## [ASSIGNMENT]
Could you transcribe exactly the lines from the one containing "Desenvolvida para superar" through the last line of the records below, leaving out the pictures?

Data records:
──────
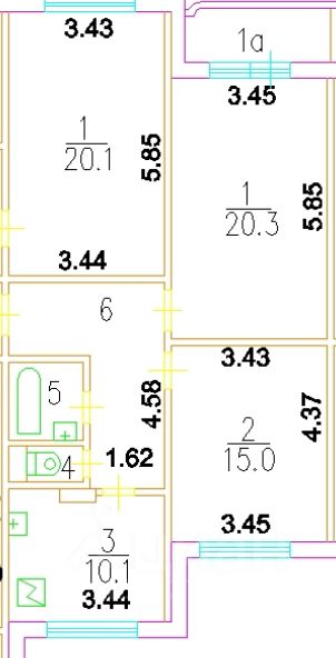 Изолированные комнаты 20 м² и 15 м²
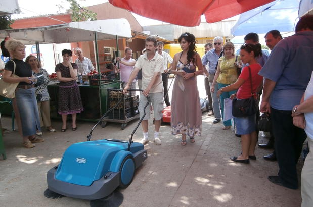 Общинско предприятие "Общински пазари" се сдоби с чисто нова немска машина за почистване на градския пазар. Презентация на 3 подобни машини бе направена днес на централен градски пазар в присъствието на г-жа Десислава Денчева – директор на ОП "Общински пазари, г-н Димо Стоев зам. – кмет "Икономика и финанси", г-жа Мария Димитрова – председател на Общински съвет, общински съветници, граждани и минувачи.
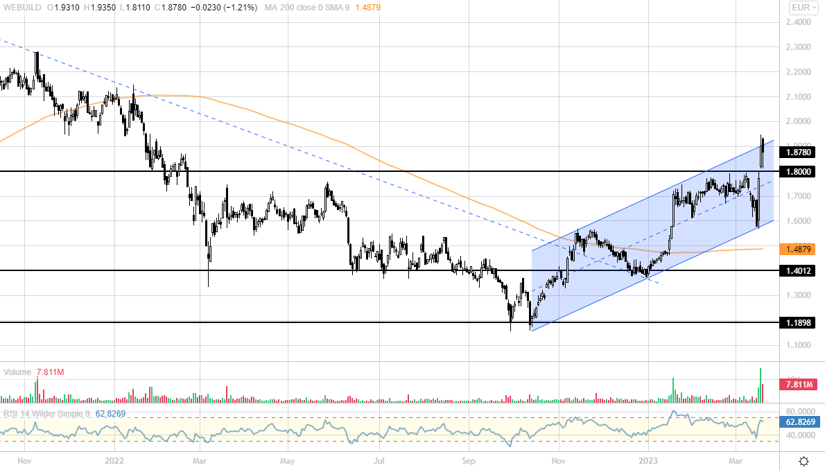 WEBUILD [WBD.MI] (1,88 eu, Long da 1,8 eu) -1,2%. Dai minimi di metà ottobre il titolo prosegue lungo un canale rialzista ben delineato. Molto positiva la rottura con forte volatilità e volumi della resistenza a 1,8 eu. A questi prezzi e su ritracciamenti a 1,8 eu si compra.
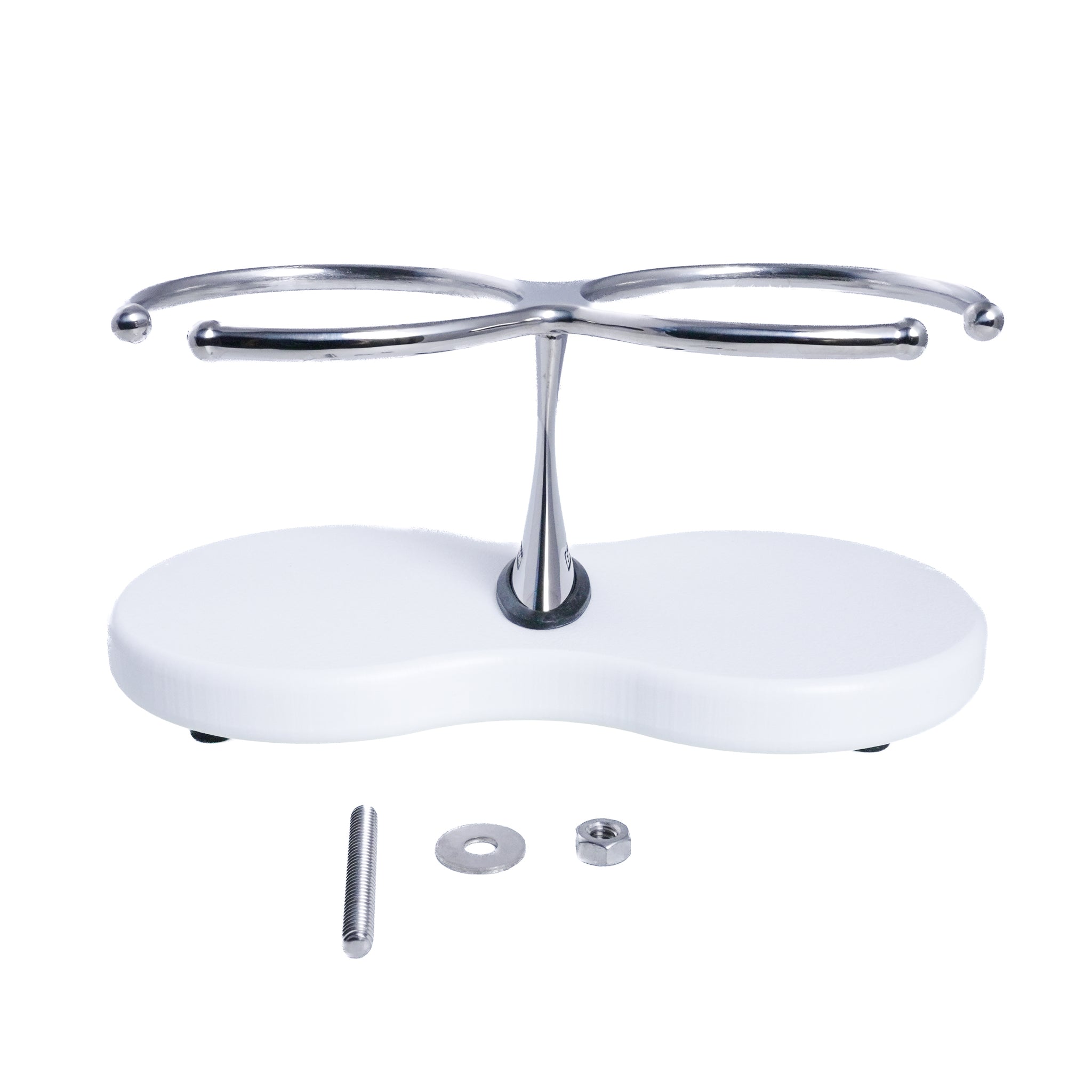 Drink Holder, Double, Stainless with White Poly Base.
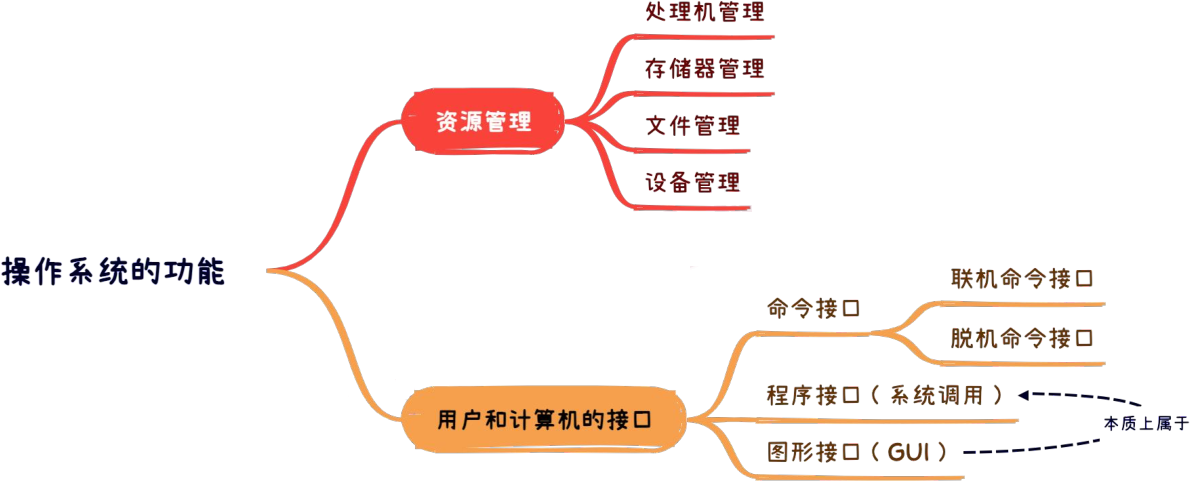 - 程序接口/系统调用/广义指令:用户通过应用程序间接控制操作系统。
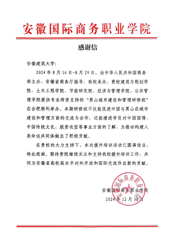 本网讯  近日,学校收到了一封来自安徽国际商务职业学院的来信,对土木学院在“黑山城市建设和管理研修班”中提供专业支持和无私帮助的表达了诚挚谢意。
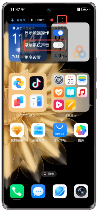 未设置录屏灵动胶囊时:点击胶囊右端三个点按钮,在录屏悬浮窗中打开
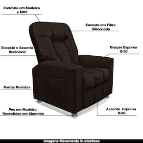 Desenvolvida para superar as suas expectativas, a Poltrona do Papai Reclinável, veio para trazer a experiência cinematográfica sem você sair do conforto de seu lar. Esta poltrona é uma excelente escolha para qualquer ambiente, seja ele sua sala de estar, quarto ou até mesmo sala de cinema, além disso, a poltrona é feita com materiais de alta qualidade, garantindo durabilidade e resistência para longas horas de uso. Uma peça única, confortável e pronta para você. Não perca tempo, adquira já a sua.
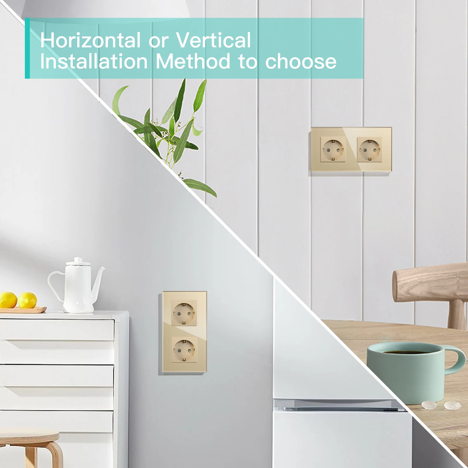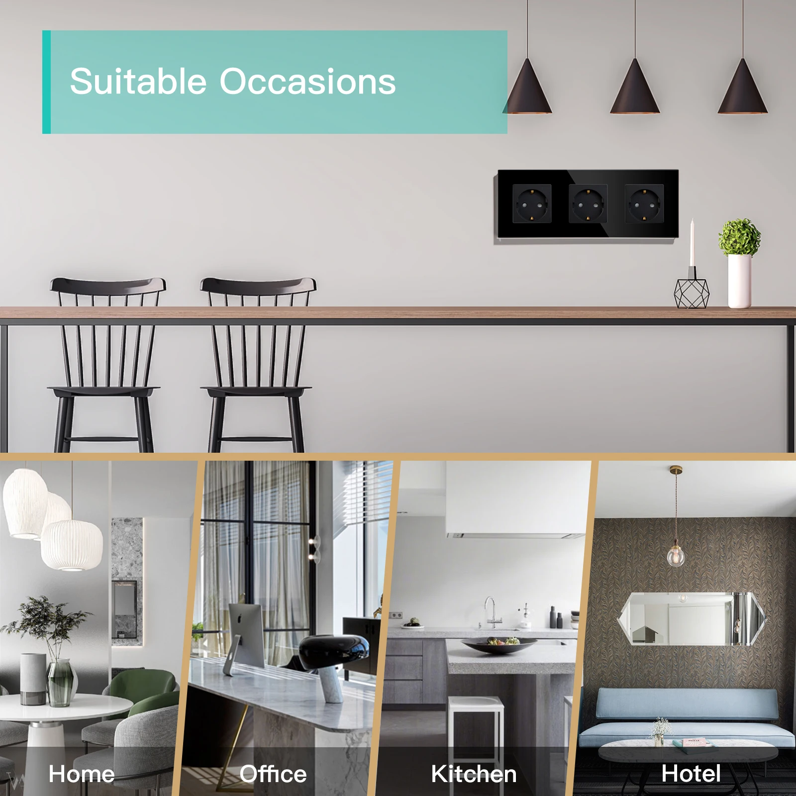 BSEED ซ็อกเก็ต EU เดี่ยวปลั๊กไฟคู่ซ็อกเก็ตไฟฟ้าสามช่องซ็อกเก็ตผนังแก้วคริสตัลสีขาวสีดําทองสีเทา 16A
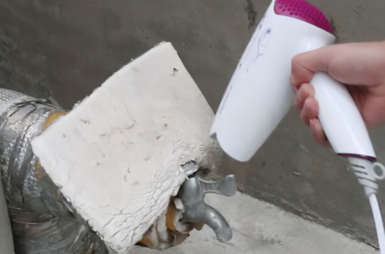 现在咱们家里应该都会有电吹风机,可以采用电吹风机对着冻住的水管吹热风,很快就可以将水管解冻。不过吹的时候,应注意,先从水龙头的位置开始吹,而后再缓慢的吹水管。还应注意,不要对着一个地方使劲吹,要使水管均匀受热,尤其是PPR的水管,不然很可能是水管局部受热严重导致出现损坏。该种方法也比较简单,并且不会像热敷方法似水洒的到处都是,解冻也比较快。当然了,这个需要接通电源的,有些水管在户外没有电源的话,则需要临时拉一个插排,注意临时用电安全。
──────
## [FINAL ANSWER]
 Desenvolvida para superar as suas expectativas, a Poltrona do Papai Reclinável, veio para trazer a experiência cinematográfica sem você sair do conforto de seu lar. Esta poltrona é uma excelente escolha para qualquer ambiente, seja ele sua sala de estar, quarto ou até mesmo sala de cinema, além disso, a poltrona é feita com materiais de alta qualidade, garantindo durabilidade e resistência para longas horas de uso. Uma peça única, confortável e pronta para você. Não perca tempo, adquira já a sua.
 BSEED ซ็อกเก็ต EU เดี่ยวปลั๊กไฟคู่ซ็อกเก็ตไฟฟ้าสามช่องซ็อกเก็ตผนังแก้วคริสตัลสีขาวสีดําทองสีเทา 16A
 现在咱们家里应该都会有电吹风机,可以采用电吹风机对着冻住的水管吹热风,很快就可以将水管解冻。不过吹的时候,应注意,先从水龙头的位置开始吹,而后再缓慢的吹水管。还应注意,不要对着一个地方使劲吹,要使水管均匀受热,尤其是PPR的水管,不然很可能是水管局部受热严重导致出现损坏。该种方法也比较简单,并且不会像热敷方法似水洒的到处都是,解冻也比较快。当然了,这个需要接通电源的,有些水管在户外没有电源的话,则需要临时拉一个插排,注意临时用电安全。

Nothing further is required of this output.